# Revised Guppy Breeding Article



## dwalstad (Apr 14, 2006)

I just revised my 'Small Scale Guppy Breeding' article. It's on my website now. I mention it here (on APC) _just in case_ there might be one or two guppy enthusiasts.

Article describes how I breed my pet fancy guppies. It covers the basics, but it also contains new information on reproduction. Learn why I keep "chase" females with my juvenile males, why one female quickly mated with a new male but her full-sister rejected him... Overall, the article celebrates the guppy's genetic trait of color polymorphism. Unlike breeding methods that emphasize strain uniformity, I work with the guppy's natural tendency to produce different color patterns. This not only makes guppy breeding more fun, but it avoids inbreeding problems and genetic weaknesses. Photo shows some of the males I have produced.


----------



## YodelMogul (Oct 7, 2021)

Im just curious if there are any more subtle signs that you look for when considering sick or diseased fish and should they be removed immediately? Some obvious ones i am guessing would be abnormal behavior, lethargy, heavy breathing…


----------



## dwalstad (Apr 14, 2006)

YodelMogul said:


> Im just curious if there are any more subtle signs that you look for when considering sick or diseased fish and should they be removed immediately? Some obvious ones i am guessing would be abnormal behavior, lethargy, heavy breathing…


I usually give a sad looking individual fish a few days before removing and euthanizing. I think this is something that you learn only by experience with your own guppies. Every situation is different.

When I first started in 2017, I had 4-month-old males that lay on the bottom suffering from constipation. Young females soon after giving birth had pro-lapsed uteruses or they would just hang at the surface. Days went by and they never got better. I believe they represent "plumbing problems" in the Blue Grass strain that I started out with. 

However, I did treat sick fish for Camallanus worms and flukes. These are diseases that popped up and that I actually succeeded in eradicating from the fish. Articles about my ordeal with these diseases are on my website.

I spent the last several years selecting out more robust individuals, weeding out disease, and breeding for greater longevity. It is working!


----------



## SchalkR (12 mo ago)

I know you are a fan of "line" breeding. I saw another way of breeding from Kenjiro Tanaka (Japan) and his Ginga guppies. I can't find the website. He also bred killifish, and so the guppies patterns resembles killifish. But he did not use line breeding. Instead he bred in colonies. So you don't get a single trait, but variations of a trait. I want to create a colony of turquoise Moscow guppies. Because they are full colored and meant to be bigger stronger guppies. Then I also learnt that adding purple Moscow guppies bring out stronger colors. Not sure how that gene pool works. Of course culling is required to get strong best colored fish. Even culls would be interesting fish to sell. The ones you find in local fish shops.....look really sad. Even Endlers look better than the mutts in the local fish shop.


----------



## SchalkR (12 mo ago)

Does anybody know the value of the material in this document? http://www.petbh.com.br/guppy/wp-content/uploads/2017/12/Guppy-Color-Strains_Philip-Shaddock-1.pdf There was very sharp criticism for his work.


----------



## dwalstad (Apr 14, 2006)

SchalkR said:


> Does anybody know the value of the material in this document? http://www.petbh.com.br/guppy/wp-content/uploads/2017/12/Guppy-Color-Strains_Philip-Shaddock-1.pdf There was very sharp criticism for his work.

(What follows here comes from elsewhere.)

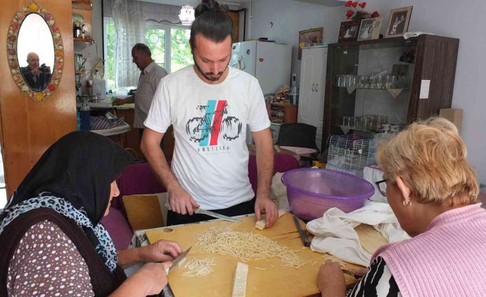 Ören Mahallesi Eczacı Rasim Caddesinde, Hüseyin-Fatma Bilecen çiftinin evinde bir araya gelen kadınlar kışlık makarna hazırlarken, erkeklerde onlara yardımcı oldu. Açılan hamurlar sacda pişirilip ince ince doğranıyor. Daha sonra kurutulan makarnalar kışın sofralara gelecek. Kadınlara yardımcı olduklarını anlatan Hüseyin Bilecen, “Bayanların evde erişte yapmalarına yardım ediyoruz. Ben pişirici olarak yardım ediyorum. Diğerleri kesiyor, açıyor. İşte, hayat böylece devam ediyor. Kışında Allah nasip ederse bunları yiyeceğiz” dedi. Fatma Bilecen de, “Gençliğimde hiç yapmadığım şeyi ben Ören’e geldiğimde burada öğrendim. Komşularımız da hepsi bana yardımcı oluyor. Torunlarıma yapıyorum. Sonra yiyeceğiz afiyetle. Allah razı olsun komşularımızdan. Torunlarımı çok seviyorlar. Biz bunları imece usulü ile yapıyoruz. Erkeklerde bize yardımcı oluyor” dedi. Uğur Ateş ise, “Bizde İzmir’den geldik. Mahallede imece ile erişte yapıyorlarmış. Bizde destek oluyoruz. Bir yandan kesiyoruz, pişiriyoruz. Kışında İnşallah, nasipse yiyeceğiz” diye konuştu

I don't understand the criticism of this beautiful, comprehensive book on guppy strains. Shaddock must have spent *years* collecting the pictures. I'm not an expert on guppy color genetics, so there may be genetic details that inflamed his critics--or stoked their jealousy. As a basic overview of guppy color strains, it is unparalleled.


----------



## dwalstad (Apr 14, 2006)

SchalkR said:


> I know you are a fan of "line" breeding. I saw another way of breeding from Kenjiro Tanaka (Japan) and his Ginga guppies. I can't find the website. He also bred killifish, and so the guppies patterns resembles killifish. But he did not use line breeding. Instead he bred in colonies. So you don't get a single trait, but variations of a trait. I want to create a colony of turquoise Moscow guppies. Because they are full colored and meant to be bigger stronger guppies. Then I also learnt that adding purple Moscow guppies bring out stronger colors. Not sure how that gene pool works. Of course culling is required to get strong best colored fish. Even culls would be interesting fish to sell. The ones you find in local fish shops.....look really sad. Even Endlers look better than the mutts in the local fish shop.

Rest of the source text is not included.